ARCUS-H: I built a benchmark that measures whether RL agents stay behaviorally stable under stress — not just reward. High-reward agents collapse more than low-reward ones.

I’ve been working on an open benchmark called ARCUS-H that adds a second evaluation axis to RL: behavioral stability under structured stress.

The motivation is simple. Return tells you how well an agent performs. It doesn’t tell you what happens when execution assumptions break — reduced control authority, action permutations, or inverted reward. Two agents with identical return can have completely different stability profiles.

The core finding that surprised me:

Pearson r = +0.14, p = 0.364 between normalized reward and collapse rate under valence inversion — across 9 environments and 7 algorithms. No significant correlation. High-reward agents aren’t more stable. In fact, MuJoCo agents (highest reward) collapse at 73–84% under stress, while DQN on MountainCar (much lower reward) collapses near 0%.
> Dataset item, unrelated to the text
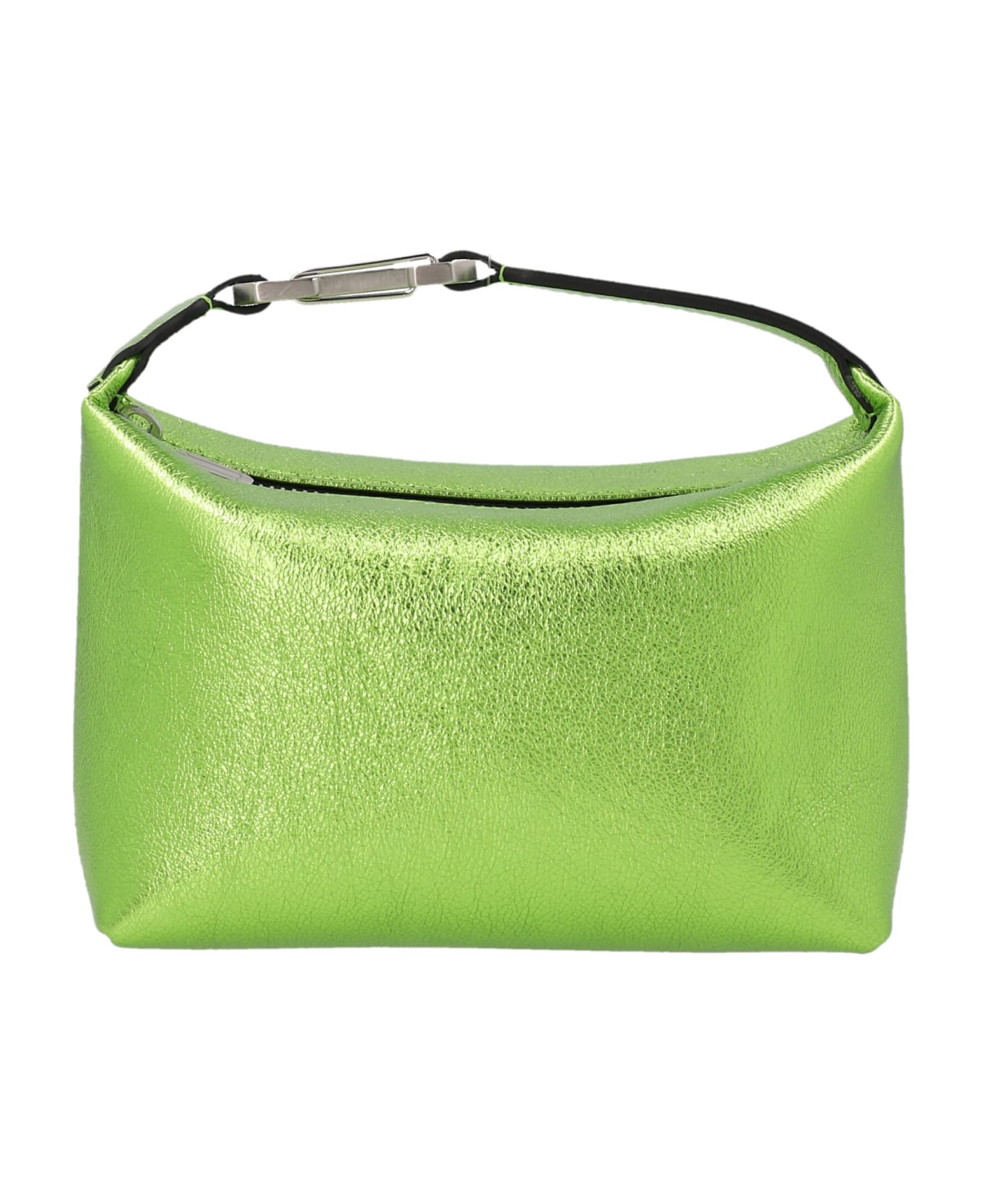 Borsa a mano 'Moon' in pelle laminata, manico fisso in pelle con dettaglio moschettone logato a contrasto, chiusura zip.

Here’s the scatter — each point is one (env, algo) pair averaged over 10 seeds:

https://raw.githubusercontent.com/karimzn00/ARCUSH_1.0/main/runs/plots/reward_vs_collapse_scatter.png

What the benchmark does:

Each eval run is split into PRE → SHOCK → POST phases. During SHOCK, one of four stressors is applied:

• Concept Drift — observation distribution shifts (auto-calibrated scale)
• Resource Constraint — action magnitude clipped / action dropout
• Trust Violation — fixed action permutation or continuous distortion
• Valence Inversion — reward sign flipped

Five behavioral channels (competence, coherence, continuity, integrity, meaning) are combined into a stability score per episode. The collapse threshold is set adaptively from the pre-phase score distribution — no per-environment tuning — giving a false positive rate of ~2% (target α=0.05).

Here’s the global collapse rate heatmap across all 9 environments:

https://raw.githubusercontent.com/karimzn00/ARCUSH_1.0/main/runs/plots/heatmap_collapse_rate.png

Each stressor attacks different channels:

This was one of the more interesting findings — each stressor leaves a distinct fingerprint across the five channels:

https://raw.githubusercontent.com/karimzn00/ARCUSH_1.0/main/runs/plots/identity_components_radar.png

CD attacks integrity (observation shift breaks the pre-phase behavioral anchor). TV suppresses all channels uniformly. VI attacks meaning (inverted reward generates constraint-violating behavior). RC reduces competence and coherence.

The MuJoCo inversion:

More capable agents collapse more, not less:

https://raw.githubusercontent.com/karimzn00/ARCUSH_1.0/main/runs/plots/mujoco_vs_classic_depth.png

MuJoCo locomotion policies exploit precise continuous action dynamics — they’re brittle under perturbation in a way that their reward doesn’t reveal.

Calibration validation:

Mean FPR = 2.0% across 83 (env, algo, eval mode) combinations, with no environment-specific tuning:

https://raw.githubusercontent.com/karimzn00/ARCUSH_1.0/main/runs/plots/fpr_validation.png

Scope: 9 environments (6 classic control, 2 MuJoCo, 1 Atari/Pong), 7 algorithms (PPO, A2C, TRPO, DQN, DDPG, SAC, TD3), 10 seeds each, deterministic + stochastic eval modes. ~830 total evaluation runs.

Notable results on the exceptions: Three environments where valence inversion is not the worst stressor — FrozenLake (sparse reward gives VI no grip), MountainCarContinuous (trust violation uniquely destroys the precise force profile needed), and Pong (a competent Pong agent forms a coherent counter-strategy under inverted reward — deliberately missing — and stays stable). These are findings, not failures.

Links:

• 📄 Paper (Zenodo DOI): https://zenodo.org/records/19075167
• 💻 Code + all plots: https://github.com/karimzn00/ARCUSH

Would genuinely appreciate feedback — especially on the stressor design, the scoring calibration approach, and whether the five channels feel well-motivated or redundant. Happy to answer questions.